START Input data
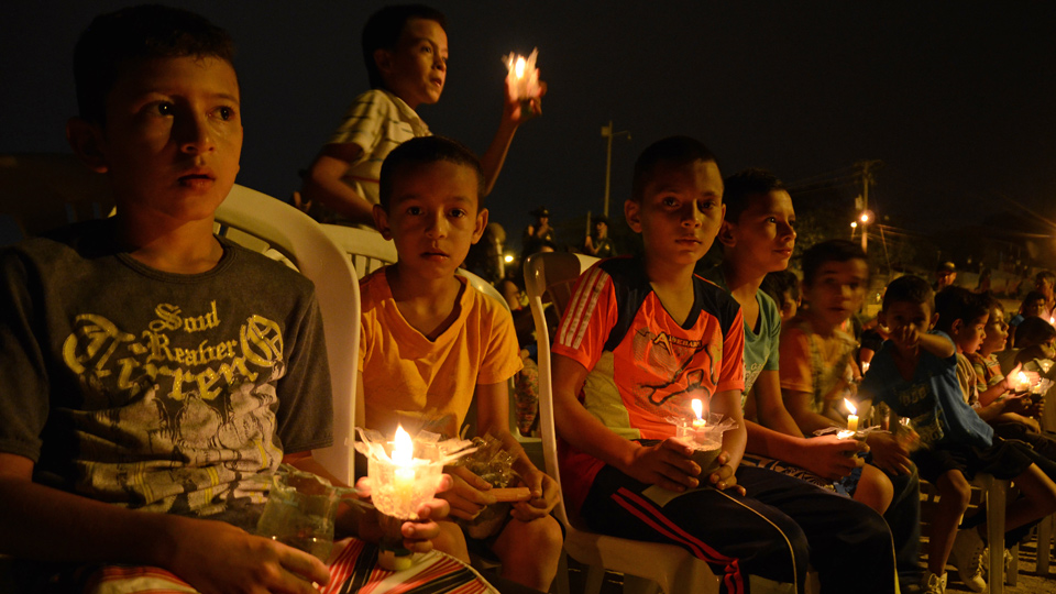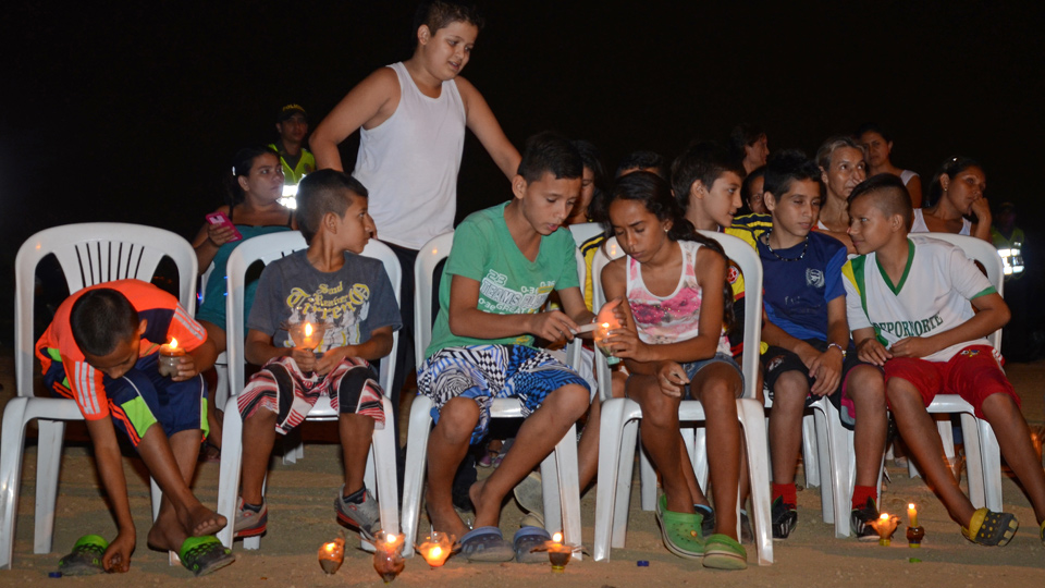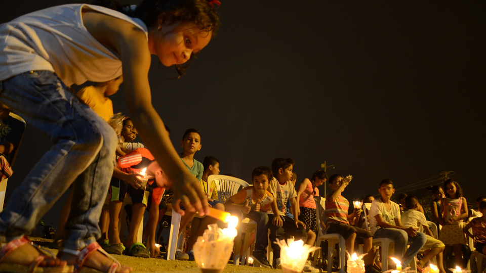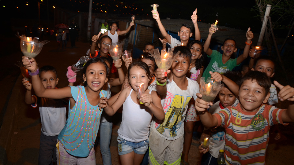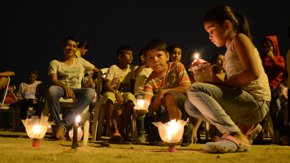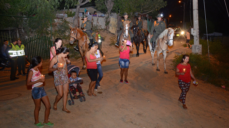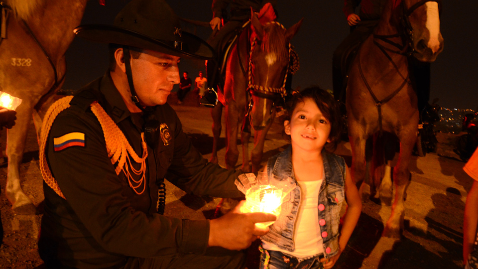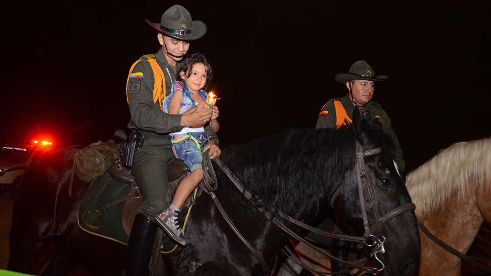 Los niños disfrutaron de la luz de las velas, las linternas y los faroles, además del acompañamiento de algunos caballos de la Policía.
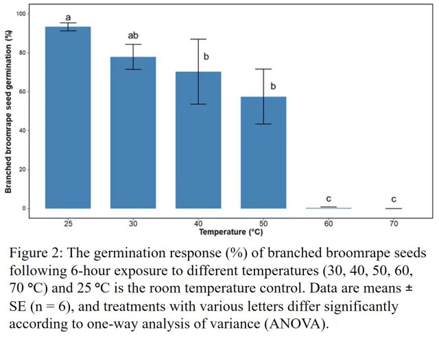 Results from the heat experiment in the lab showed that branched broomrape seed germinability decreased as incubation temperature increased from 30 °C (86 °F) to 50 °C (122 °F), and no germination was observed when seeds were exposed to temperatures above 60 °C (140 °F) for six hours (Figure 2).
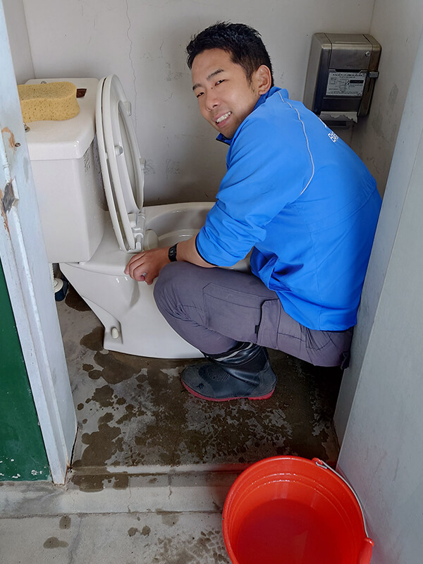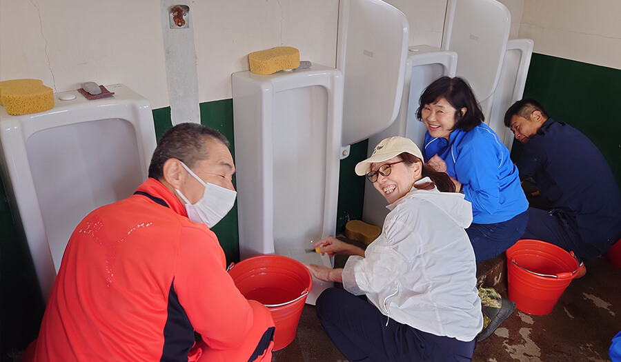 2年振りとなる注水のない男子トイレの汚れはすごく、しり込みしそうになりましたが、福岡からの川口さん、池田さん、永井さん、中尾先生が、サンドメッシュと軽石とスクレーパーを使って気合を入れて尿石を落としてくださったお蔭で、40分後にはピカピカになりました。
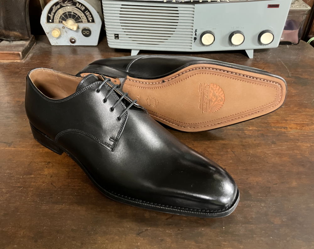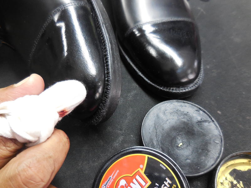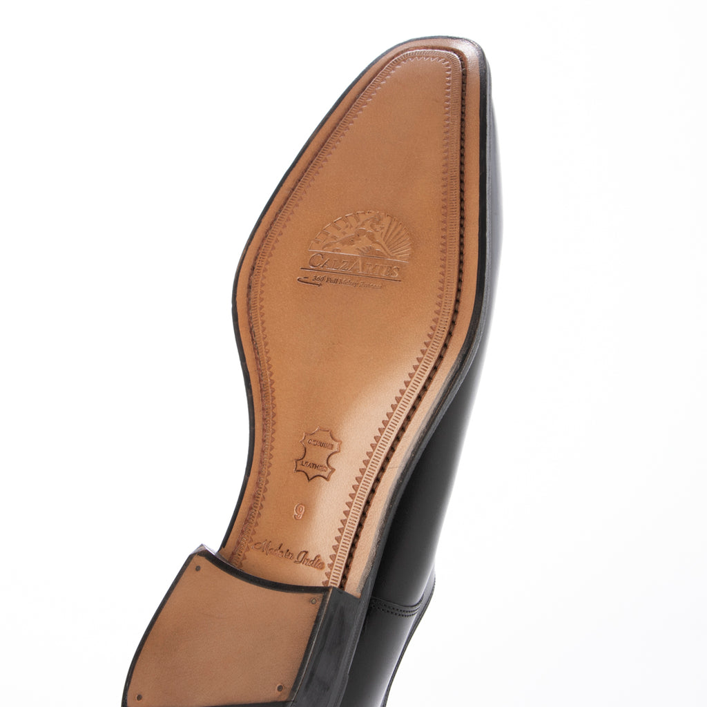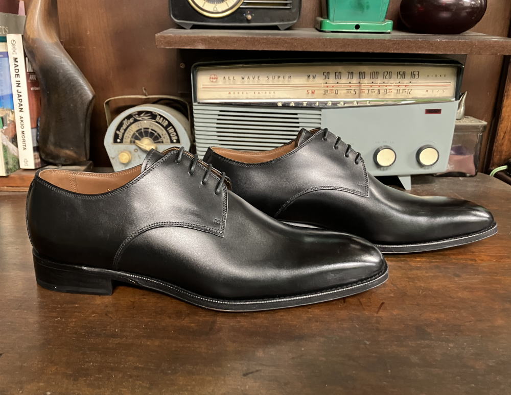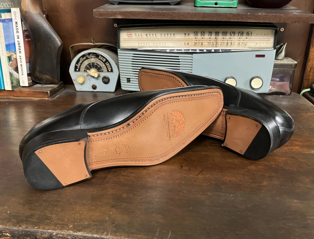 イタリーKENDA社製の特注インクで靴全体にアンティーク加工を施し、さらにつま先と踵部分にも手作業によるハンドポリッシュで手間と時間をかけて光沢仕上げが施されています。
END Input data
• **Aim of the exercise**
From the first line to the last, retype the material exactly and exclude the pictures.

• **The completed task**
 Los niños disfrutaron de la luz de las velas, las linternas y los faroles, además del acompañamiento de algunos caballos de la Policía.
 Results from the heat experiment in the lab showed that branched broomrape seed germinability decreased as incubation temperature increased from 30 °C (86 °F) to 50 °C (122 °F), and no germination was observed when seeds were exposed to temperatures above 60 °C (140 °F) for six hours (Figure 2).
 2年振りとなる注水のない男子トイレの汚れはすごく、しり込みしそうになりましたが、福岡からの川口さん、池田さん、永井さん、中尾先生が、サンドメッシュと軽石とスクレーパーを使って気合を入れて尿石を落としてくださったお蔭で、40分後にはピカピカになりました。
 イタリーKENDA社製の特注インクで靴全体にアンティーク加工を施し、さらにつま先と踵部分にも手作業によるハンドポリッシュで手間と時間をかけて光沢仕上げが施されています。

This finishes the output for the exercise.